For detailed usage instructions, see the [Make Datasets Guide](../guides/create_rag_datasets.md).
### Running API Inference (`run_api.py`)
This script runs inference on a dataset using either the OpenAI or Anthropic API. It sorts instances by length and continually writes outputs to a specified file, so the script can be stopped and restarted without losing progress.
```bash
# Example with Anthropic Claude
export ANTHROPIC_API_KEY=<your key>
python -m swebench.inference.run_api \
--dataset_name_or_path princeton-nlp/SWE-bench_oracle \
--model_name_or_path claude-2 \
--output_dir ./outputs
```
#### Parameters
- `--dataset_name_or_path`: HuggingFace dataset name or local path
- `--model_name_or_path`: Model name (e.g., "gpt-4", "claude-2")

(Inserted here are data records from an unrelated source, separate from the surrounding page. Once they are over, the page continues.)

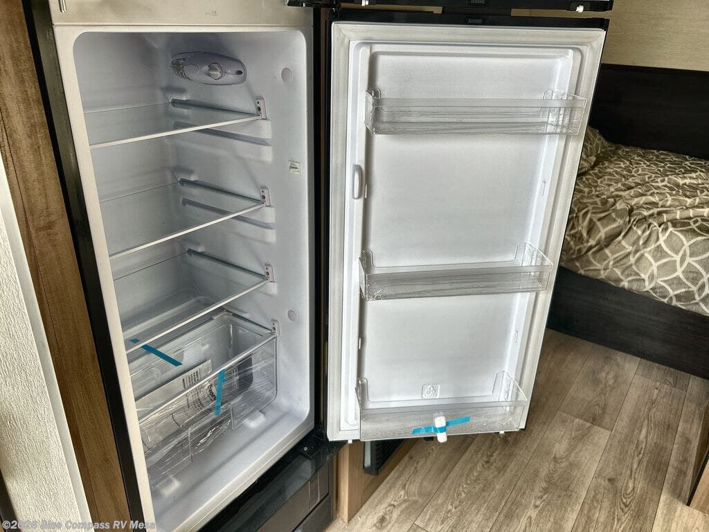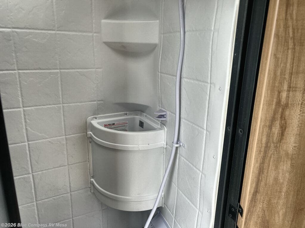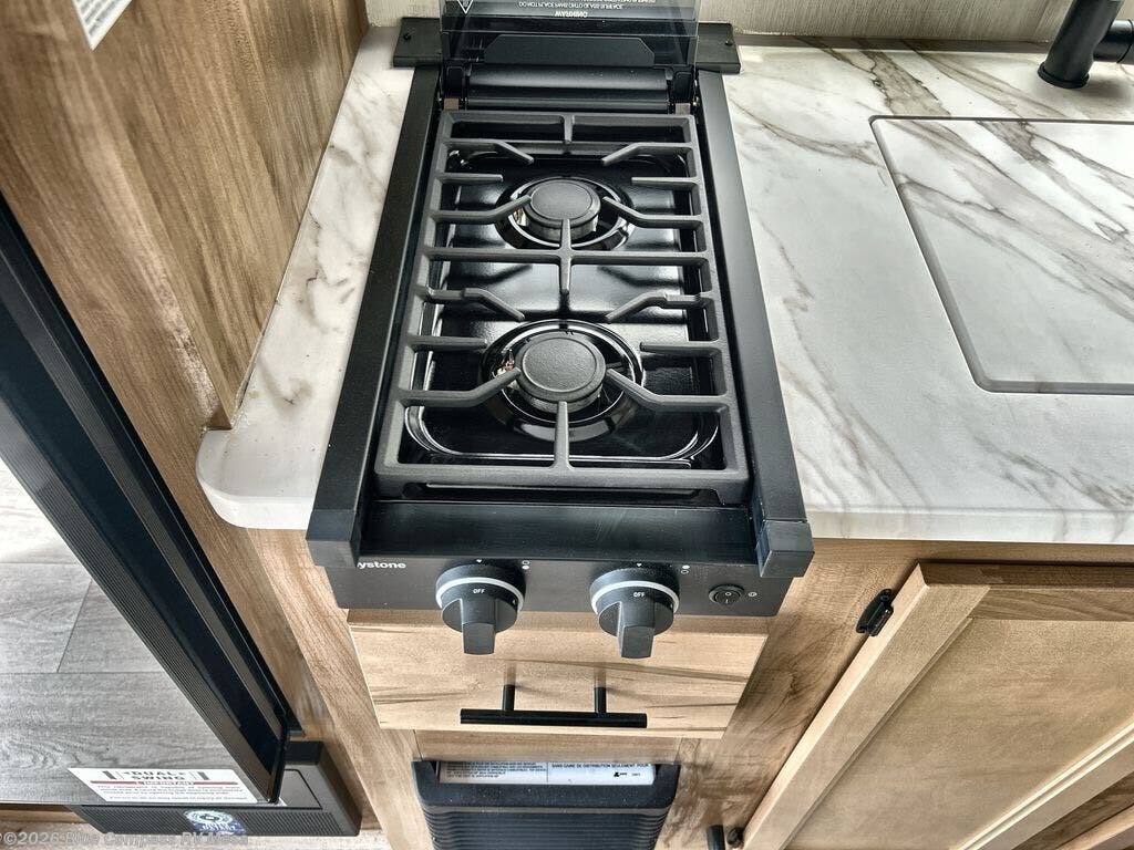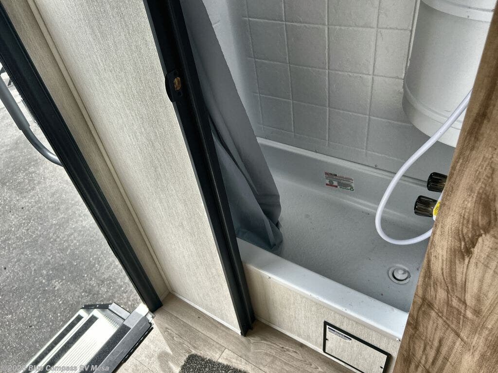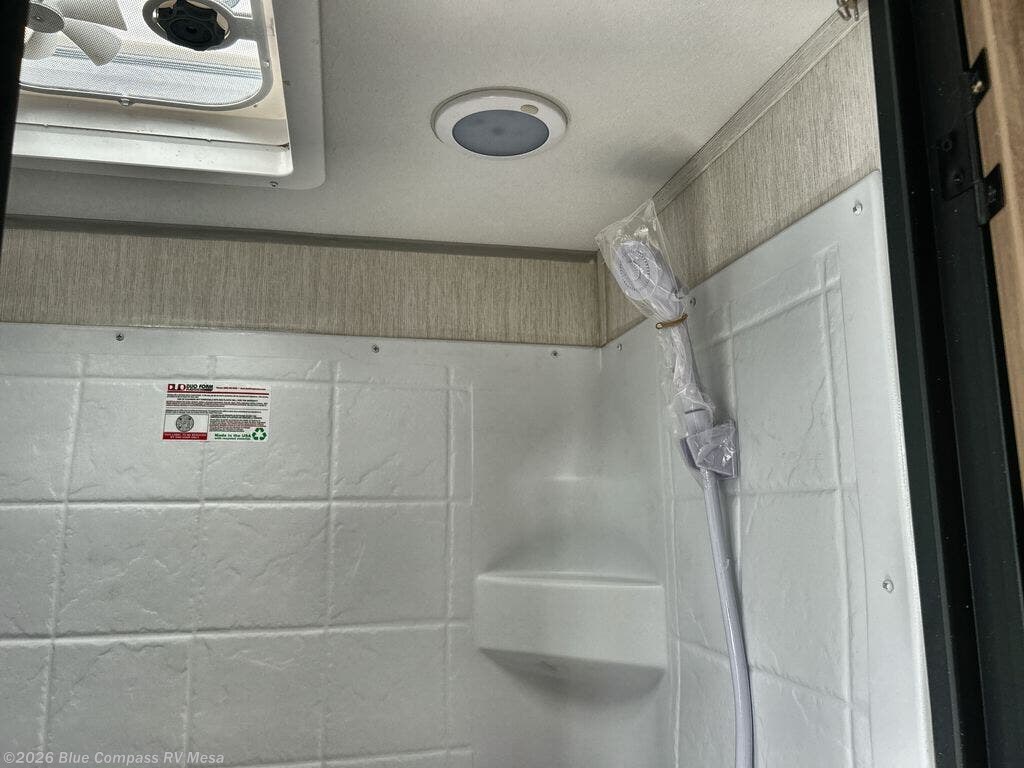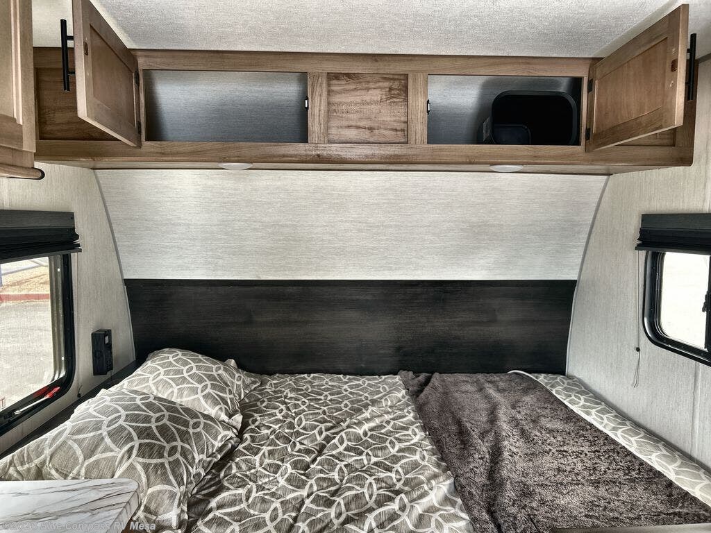 There are lots of features packed into this 19' travel trailer! The rear entry design creates a split bathroom for one person to use the private toilet while another freshens up in the private shower. You can prepare your best home cooked meals with the high output cooktop, the 12V high efficiency refrigerator, and a sink to make clean up easier, plus you can comfortably enjoy your meals at the booth dinette with a TV mount location. The front queen bed provides a comfortable place to lay your head at night. Store your outdoor gear in the outside storage area, rinse the mud off your feet with the outside shower, and watch the big game outdoors with the outside TV mount!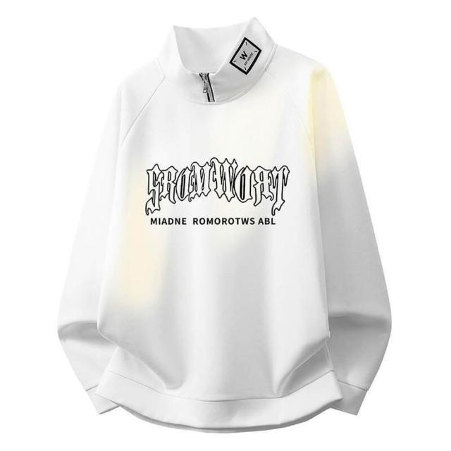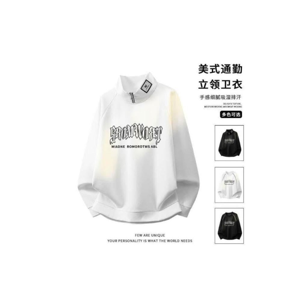 大學T重磅長袖上衣立領衛衣男生簡約寬鬆圓領衛衣衣服百搭Oversize長版大尺碼落肩t恤加絨春秋冬款免燙男裝運動滿印塗鴉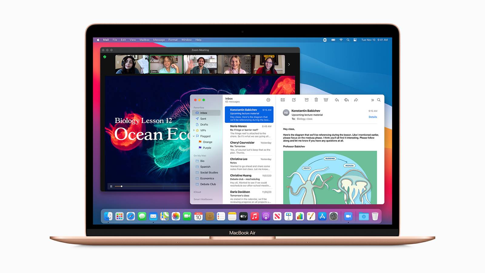 MacBook Air 2020 года наиболее примечателен тем, что стал первым ноутбуком Apple, перешедшим на собственные процессорные чипы компании — в данном случае M1, который также включает в себя собственный 16-ядерный нейронный движок и встроенный 7-ядерный графический процессор. Кроме того, ноутбук поставляется с 8 ГБ или 16 ГБ оперативной памяти и 256 ГБ, 512 ГБ, 1 ТБ или 2 ГБ встроенной памяти — достаточно вариантов, чтобы удовлетворить большинство пользователей.

- `--output_dir`: Directory to save model outputs
- `--split`: Dataset split to use (default: "test")
- `--shard_id`, `--num_shards`: To process only a portion of data
- `--model_args`: Comma-separated key=value pairs (e.g., "temperature=0.2,top_p=0.95")
- `--max_cost`: Maximum spending limit for API calls
### Running Local Inference (`run_llama.py`)
This script is similar to `run_api.py` but designed to run inference using Llama models locally. You can use it with [SWE-Llama](https://huggingface.co/princeton-nlp/SWE-Llama-13b) or other compatible models.
```bash
python -m swebench.inference.run_llama \
--dataset_path princeton-nlp/SWE-bench_oracle \
--model_name_or_path princeton-nlp/SWE-Llama-13b \
--output_dir ./outputs \
--temperature 0
```
#### Parameters
- `--dataset_path`: HuggingFace dataset name or local path
- `--model_name_or_path`: Local or HuggingFace model path
- `--output_dir`: Directory to save model outputs
- `--split`: Dataset split to use (default: "test")
- `--shard_id`, `--num_shards`: For processing only a portion of data
- `--temperature`: Sampling temperature (default: 0)
- `--top_p`: Top-p sampling parameter (default: 1)
- `--peft_path`: Path to PEFT adapter
### Live Inference on GitHub Issues (`run_live.py`)
This tool allows you to apply SWE-bench models to real, open GitHub issues. It can be used to test models on new, unseen issues without the need for manual dataset creation.
```bash
export OPENAI_API_KEY=<your key>
python -m swebench.inference.run_live \
--model_name gpt-3.5-turbo-1106 \
--issue_url https://github.com/huggingface/transformers/issues/26706
```
#### Prerequisites
For live inference, you'll need to install additional dependencies:
- [Pyserini](https://github.com/castorini/pyserini): For BM25 retrieval
- [Faiss](https://github.com/facebookresearch/faiss): For vector search
Follow the installation instructions on their respective GitHub repositories:
- Pyserini: [Installation Guide](https://github.com/castorini/pyserini/blob/master/docs/installation.md)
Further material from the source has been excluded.